There are different types of identity tracking technologies, but the basic idea is to track what locations an individuals has visited and when. Cookies are probably the most well known technology which is used to track the Internet sites a user has visited. This is useful, for example, to provide targeted marking based on your virtual activities.

The new kid on the block is facial image recognition which brings identity tracking to the physical world. Although this technology can be used to attach a specific identity to an image captured by cameras, it may also be used to only recognized that images from multiple sources belong to the same person without actually identifying that person.

Some ethical questions have arisen concerning the use of facial image recognition. Not the least of these might be should we even allow the use of the technology? While there are certainly some unacceptable uses cases, I think there are also some valid and even beneficial use cases. For example, as public transportation company I want to understand what transfers customers make and when in order to provide them with better scheduling and transfer options.

I won’t attempt to answer the broader ethical questions, but we will look at some technical solutions that help mitigate some of the issues surrounding this technology. Specifically, I’ll present techniques to deal with bias and data privacy. Before attacking those however, let’s look at how it works.

How it works

Identifying an individual from an image has it’s challenges: varying image quality, lighting conditions and camera angle, to name a few. It is a difficult task even for humans when looking at photos of unfamiliar faces. From the software perspective, comparing pixels in images is a non-starter; there is just too much variation.

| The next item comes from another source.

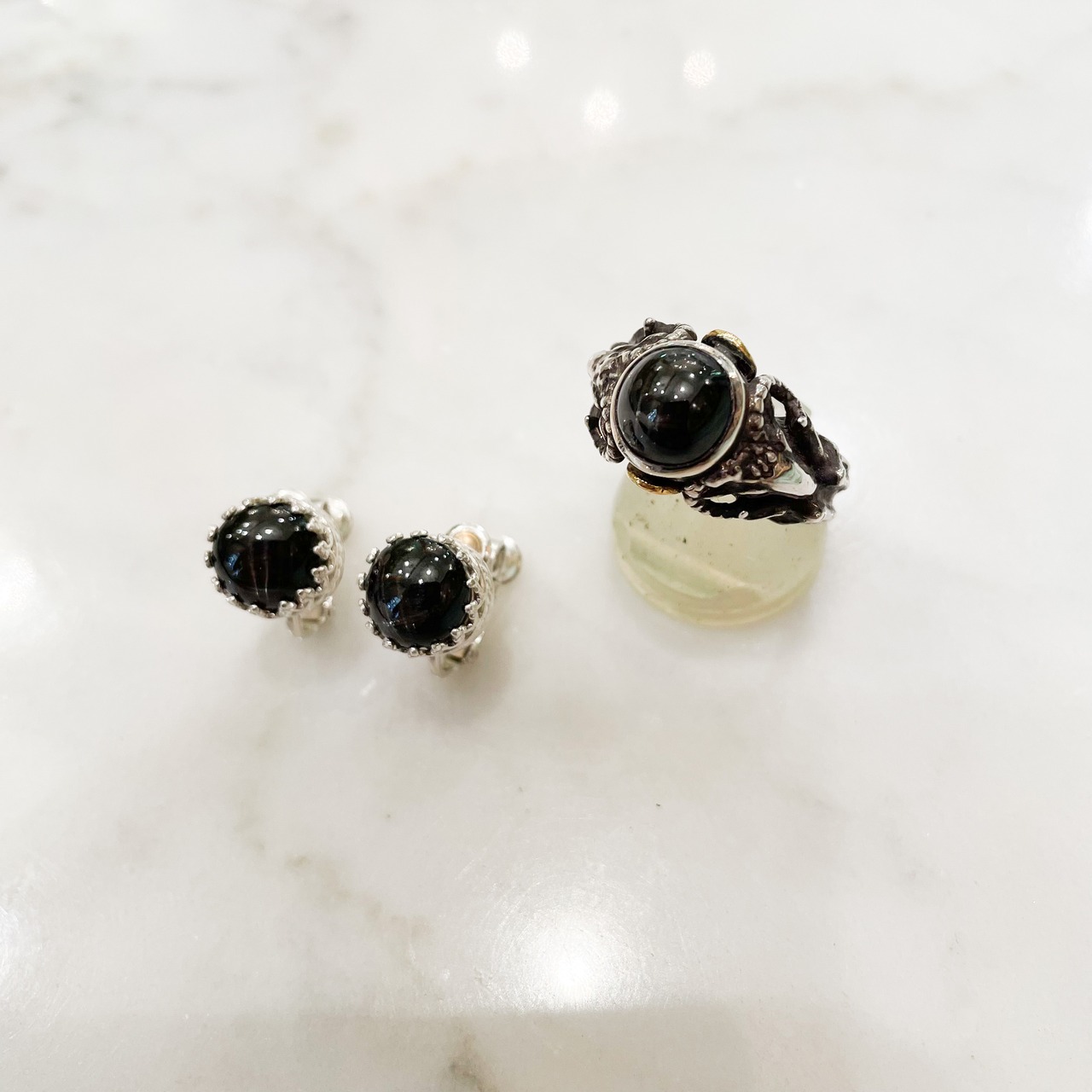 黒の石にシルバーというアッサリとしたトーンのイヤリングですが、爪の繊細さと、ブラックスターに浮かぶ白い星の輝きが一味違う個性的なイヤリングです。

The basic idea behind today’s image recognition technology is to extract some kind of fingerprint or signature from a facial image that is somehow independent of these variations. Instead of comparing images directly, we can compare the signatures generated from two images and assess their similarity. Much like a hand-written signature, the “signature” generated from two images of the same person will not be identical but are similar enough that they can be compared much like a forensic scientist would compare hand-written signatures or fingerprints.

OpenFace is one such technology, developed by CMU, that takes a face image as input and produces a numeric signature for the face. The graphs below depict sample output from OpenFace for two different individuals.

OpenFace signatures

As you can see in the top image, there is significant similarity between the output from two different images of the same person. And as expected, the output generated for the images of two different people, as shown in the bottom image, are quite dissimilar.

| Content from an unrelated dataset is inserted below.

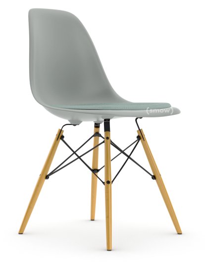 Eames Plastic Side Chair RE DSW Hellgrau|Mit Sitzpolster|Eisblau / elfenbein|Standardhöhe - 43 cm|Ahorn gelblich

Algorithms like OpenFace can be used in two distinct ways:

  1. We can compare the image of an unknown person to a database of images of known people, and based on similarity, identify the specific individual.
  2. We can compare two images from different sources or times, and based on similarity, determine if they represent the same person without specifically identifying who the individual is.

Bias in facial image recognition

Some of the early reports of concern about facial image recognition were centered around fairness. As early as 2010, there were reports of bias in image recognition technology. In a 2012 paper “Face Recognition Performance: Role of Demographic Information”, the authors demonstrate that many major facial recognition systems are less accurate for certain groups including black and female faces.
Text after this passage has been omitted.